If you told me at age 10 I would be making regular rounds of thrift stores when I was 43, I would say you've misread my genes. At least four summers of going up to see my aunt and uncle in New England and getting dragged to more antique places than a technically-oriented child should bear should argue against any affinity for collectables. Most other families would go to Disney World.
"But we took you there," the Queen Mother once reminded me when I gently reminded her of some past family vacations, the way kids do when they're quietly scratching some old itches. "And we took you to Williamsburg," she added. All true. But that came after all those voyages into the past, many years before I would dive into history.
When you're young, you're not thinking about that quilt that will look cute in the den, with that chair, or that dry-sink that can go in the dining room, or that pewter mug that will look good on a shelf somewhere. When you have a room, not a home, and your thoughts are on growing up, not growing old, what's past is not a part of your present.
But the antique shop of my youth is nothing like the thrift store of my middle age -- a place where I can score, save, and repurpose. My thesis is people can't tell $100 slacks from a $10 pair from Walmart. Eventually those pricey slacks end up donated to Goodwill or Savers, and that's when they find their way into my hands for five bucks a pair. Nobody knows.
Here is where the Queen Mother cringes at her gainfully-employed son living like he's on welfare.
"I'm going over to Goodwill," I tell her one time while visiting home in California and looking to make my "junk run" as I call it.
"Christopher, if you need clothes," she begins, wary and a bit alarmed.
"The bookstore, mother, the bookstore!" I clarify with authority.
Down the street from Francis Western Command sits a Goodwill bookstore, where yesterday's bestsellers go for pennies on the dollar. But I'm not looking for a cooled hot novel; I'm trying to see if there's any fairly recent volumes on Microsoft Visual Basic.
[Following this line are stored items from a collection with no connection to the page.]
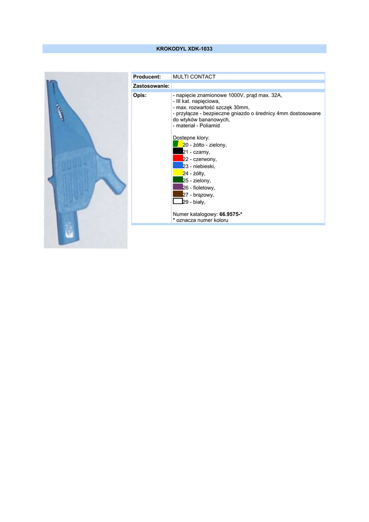 KROKODYL XDK-1033 Producent: MULTI CONTACT Zastosowanie: Opis: - napięcie znamionowe 1000V, prąd max. 32A, - III kat. napięciowa, - max. rozwartość szczęk 30mm, - przyłącze - bezpieczne gniazdo o średnicy 4mm dostosowane do wtyków bananowych, - materiał - Poliamid Dostepne klory: 20 - Ŝółto - zielony, 21 - czarny, 22 - czerwony, 23 - niebieski, 24 - Ŝółty, 25 - zielony, 26 - fioletowy, 27 - brązowy, 29 - biały, Numer katalogowy: 66.9575-* * oznacza numer koloru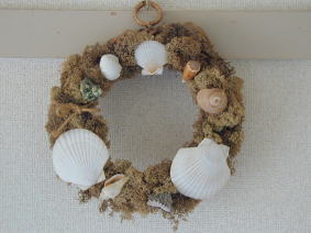 | 貝殻や珊瑚をつけて さわやかリース |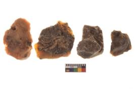 | Description / विवरण | There are n 4 utilized worked flakes; they show multidirectional irregular scar pattern on both dorsal and ventral face of the flakes.One is tapering at one end and having sharp edges. |
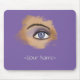 An artistic illustration of a beautiful woman's eye with a blue iris and vibrant shades of purple and violet for eye shadow. There is a splattered border around the eye which adds mystery to the image. The background is a vivid purple that matches one of the hues in the eye makeup. This design will appeal to most women, but perhaps makeup artists and models in particular.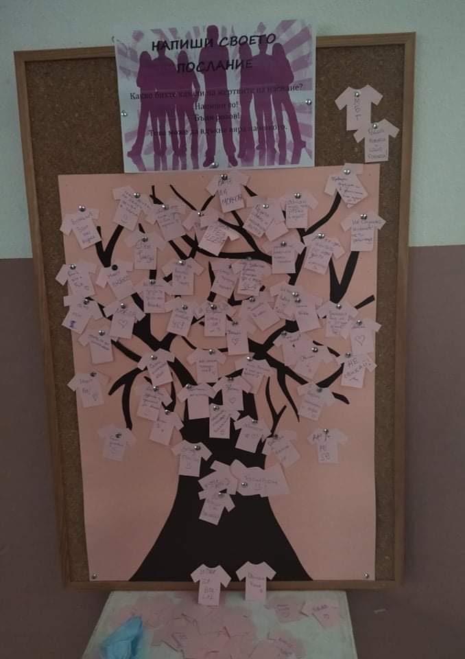 Сутринта на 23.02 учениците бяха посрещнати от двама членове на Ученическия съвет, които раздаваха стикери във формата на тениски и с надпис: “ Стоп на насилието и тормоза”. Във фоайето на първия етаж вървеше презентация с историята на деня на розовата фланелка. На втория етаж беше поставено табло, върху което ученици и учители отговаряха на въпроса “Какво бихте казали на жертва на насилие”, като споделяха своите мисли, написани върху малки листчета във формата на тениски. Отговорите бяха: “ Бъди себе си”, “Късмет”, “Без злобни погледи”, “Не обиждай”, “Потърси помощ” и много други подкрепящи изрази. Учениците от начална степен също се включиха, като написаха своите послания.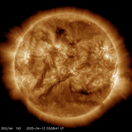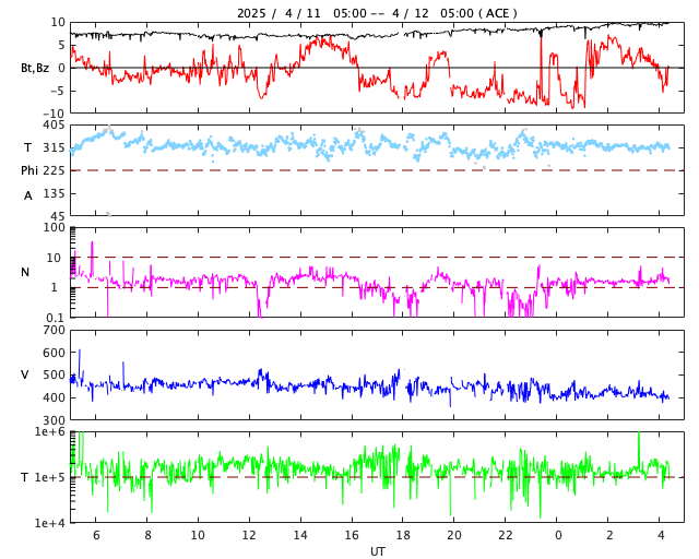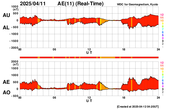 2025/ 4/12 13:33 更新 太陽風は平均的な速度です。太陽でフレアが増えています。 担当 篠原 太陽風の速度は、450km/秒から420km/秒へ少し下がっています。 平均的な状態です。 一方、磁場強度は、7nTから10nTへ少し強まっています。 磁場の南北成分は、グラフの後半で南向きに強まる時間帯があり、 磁気圏の活動が強まって、 AE指数は800nTの中規模の変化が発生しています。 その後、磁場は北寄りになり、磁気圏の活動は穏やかになりました。 グラフの最後は再び南向きになっていますが、 この後はどの様に推移するでしょうか。 SDO衛星AIA193では、コロナホールは特に見えていません。 太陽風は穏やかな状態がしばらく続きそうです。 太陽は、昨夜から北西(右上)の4055黒点群の活動が高まり、 C7.2、C7.4、M1.0、C6.8、M1.0、C8.2など、 小規模、中規模のフレアが次々に発生しています。 X線グラフも全体のレベルが少し上がっています。 4055群は、この後西の端に近付きますが、 それまで注目して下さい。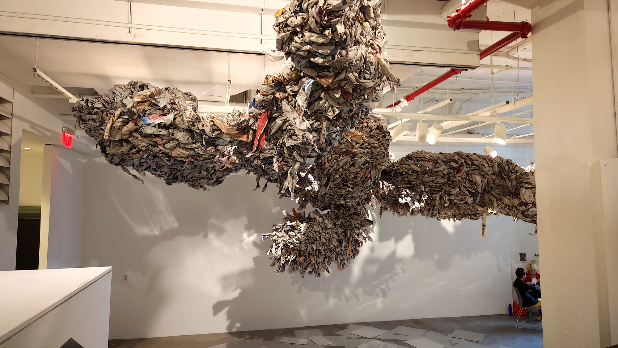 Stepping through the gallery's vestibule, I stood beneath a looming, floor-to-ceiling installation by Eiko Nishida. Comprised of hundreds of newspapers in different languages and blank sheets of newsprint paper fastened around a chickenwire armature, "The Worlds We Live In" (2023) illustrates Nishida's interest in how information is conveyed worldwide. An editorial graphic designer by day in Japan, Nishida is captivated by the manner in which the same event and its surrounding facts can be altered or shaped by the language in which it's told. Taking into account differing grammatical structures, tones, and other components that contribute to varying accounts and receptions of current events, the artist pays mind to print periodicals as an increasingly obsolete form of media, as well as the ways in which we selectively cast aside bits of information. Nishida applied mylar decals cut to the same size as newspaper spreads and folded sheets on the floor beneath her suspended installation in an allusion to the unceremonious physical and mental disposal of current events.

Old textbooks never die. They just go to the thrift store, and it is where I have picked up several cheap tomes to add to my historical and technical knowledge base. A coursebook that once sold for $50 is going for $4.99, or less if I pick up at Savers on one of their customer appreciation days.
If I need comfortable, broken in shorts, I'm heading for the clothing rack. And I'm always on the lookout for historic garb. After a day of poking around Bisbee and Sierra Vista looking for hidden treasures, I made an outside chance stop at a thrift shop and picked up a Medieval tunic for less than ten bucks. I was looking to put together a Renaissance outfit, and I'd just made the deal of the century. Whoever threw it out probably didn't knew what they had. Doing some Internet research among period clothiers, it has to be worth at least $50.
But the quintessential thrift store is Bookmans -- one of Tucson's treasures. It's the store where you can bring in a stack of magazines and trade up to a DVD. You can sell old stereo equipment for a shelf full of books, trade CD's to your heart's content, and get retro game systems on the cheap. It's the place to go if you need a good used guitar, or if you're looking to invest in a synthesizer without breaking the bank. I once salivated over a Yamaha DX7 someone pawned, only passing on it because I can't play as well as I can dream. It sat in Bookmans for a month, and I'm surprised it lasted that long.
"It's just too expensive anymore," Madame Sherri reassures me when I talk about shopping second-hand, and how others shake their heads at me when I tell them about it. Both of us are used to living frugally.
You won't see me buying wooden candle holders or ceramic trinkets. But I've gotten mileage out of a discarded TV set and wooden hangers.